Records contained in a dataset:
● ● ● ●

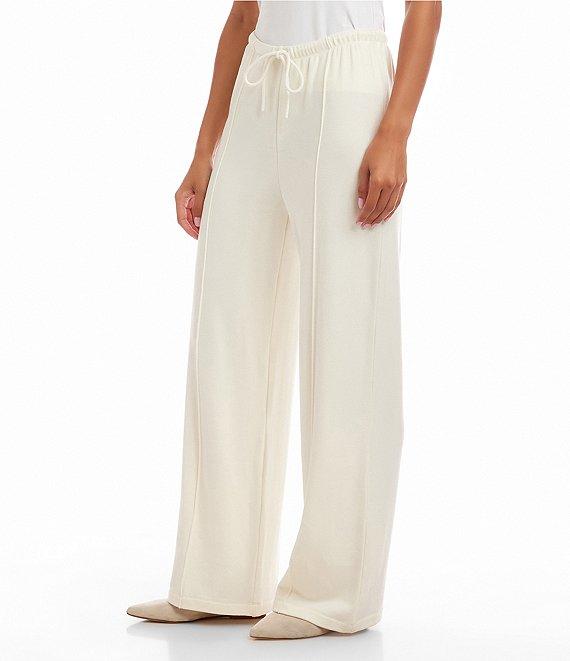 From Karen Kane, these sweatpants feature: Brushed stretch double-knit fabrication Slightly wide leg silhouette Pintuck detail Elastic drawstring waistband Pull-on construction Approx. 29" inseam; 11.625" front rise Rayon/polyester/elastane Machine wash/tumble dry low Imported.
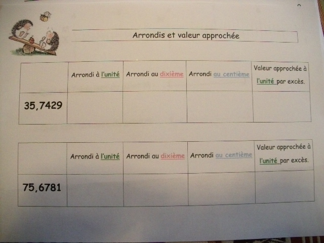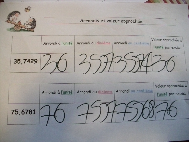 tableau que nous avons utilisé pour apprendre à arrondir. On écrit,
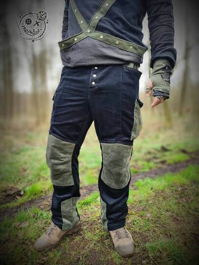 Dieser Schnitt für eine Outdoor-/Arbeitshose aus mittelschwerer bis schwerer Webware mit insgesamt 6 Taschen und einer zusätzlichen Reißverschlusstasche, mehreren Laschen zum Einhängen von Zubehör, einem bequemen Bund dank Gummizug im Rücken und vielfältigen Knieoptionen, trägt den schönen Namen "Unter freiem Himmel". Das Schnittmuster beinhaltet natürlich eine ausführliche Anleitung und die Herren Größen 22 - 32 (untersetzte Größen).
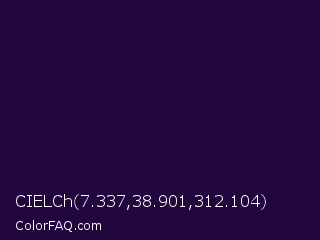 CIELCh 7.337,38.901,312.104 Color is a very dark violet color and the nearest color is Violet #240a40. Hex code #21073d and RGB value is rgb(33,7,61). In RGB color space, this color is composed of 13% red, 3% green, 24% blue, In CMYK color space, this color is composed of 46% cyan, 89% magenta, 0% yellow , 76% black , In HSL color space, this color has a hue angle of 269° , 79% saturation and 13% lightness.
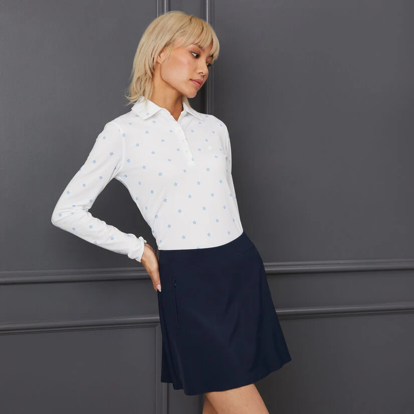 YOUR NEW FAVOURITE TOP IS THE TECH JERSEY LONG SLEEVE POLO. THIS CELESTIAL-INSPIRED PRINT MAKES THIS STYLE A STANDOUT. PAIR IT WITH OUR EFFORTLESS SKORT FOR A CHIC ON-COURSE LOOK. G4LS23K560
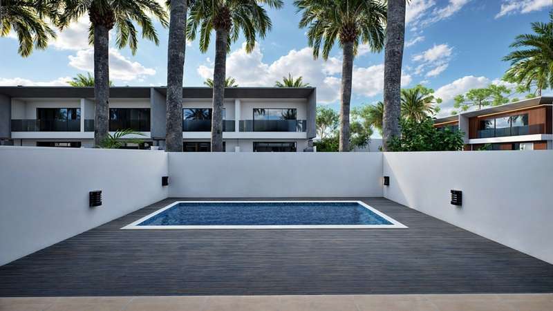 Modern two-bedroom townhouse in a new private condominium called Zion Oasis, with private pool and garden, about 10 minutes from Burgau Beach, for sale in Almádena, Luz, Algarve. This 2-bedroom villa, in a privileged location just a few minutes from the beach, has been thought out in detail to offer convenience, luxury, comfort and privacy to its residents. With two floors and spacious areas, the villa comprises a small garden. Upon entering the house, we have access to the fantastic open-plan living room with dining room and fully-equipped kitchen with modern built-in appliances. There is also access to the terrace with barbecue and private pool, a service bathroom, and the stairs to the upper floor, where the bedrooms are, both with en-suite bathrooms and balconies. This villa is an excellent option for a permanent residence or second home. With stunning beaches nearby, renowned golf courses, quality restaurants, easy access to the EN125 national road and the A22 highway, and Faro International Airport is about an hour away. CHARACTERISTICS: Plot Area: 281 m2 | 3 025 sq ft Area: 140 m2 | 1 507 sq ft Deployment Area: 72 m2 | 775 sq ft Bedrooms: 2 Bathrooms: 3 Energy efficiency: A+ FEATURES: 2 suites Equipped kitchen Balconies Terrace Garden Swimming pool

● ● ● ●

- About this task:
Set down word for word the lines from the opening of the entries above through the line that contains "YOUR NEW FAVOURITE", and omit every picture.

- Output of the exercise:
 From Karen Kane, these sweatpants feature: Brushed stretch double-knit fabrication Slightly wide leg silhouette Pintuck detail Elastic drawstring waistband Pull-on construction Approx. 29" inseam; 11.625" front rise Rayon/polyester/elastane Machine wash/tumble dry low Imported.
 tableau que nous avons utilisé pour apprendre à arrondir. On écrit,
 Dieser Schnitt für eine Outdoor-/Arbeitshose aus mittelschwerer bis schwerer Webware mit insgesamt 6 Taschen und einer zusätzlichen Reißverschlusstasche, mehreren Laschen zum Einhängen von Zubehör, einem bequemen Bund dank Gummizug im Rücken und vielfältigen Knieoptionen, trägt den schönen Namen "Unter freiem Himmel". Das Schnittmuster beinhaltet natürlich eine ausführliche Anleitung und die Herren Größen 22 - 32 (untersetzte Größen).
 CIELCh 7.337,38.901,312.104 Color is a very dark violet color and the nearest color is Violet #240a40. Hex code #21073d and RGB value is rgb(33,7,61). In RGB color space, this color is composed of 13% red, 3% green, 24% blue, In CMYK color space, this color is composed of 46% cyan, 89% magenta, 0% yellow , 76% black , In HSL color space, this color has a hue angle of 269° , 79% saturation and 13% lightness.
 YOUR NEW FAVOURITE TOP IS THE TECH JERSEY LONG SLEEVE POLO. THIS CELESTIAL-INSPIRED PRINT MAKES THIS STYLE A STANDOUT. PAIR IT WITH OUR EFFORTLESS SKORT FOR A CHIC ON-COURSE LOOK. G4LS23K560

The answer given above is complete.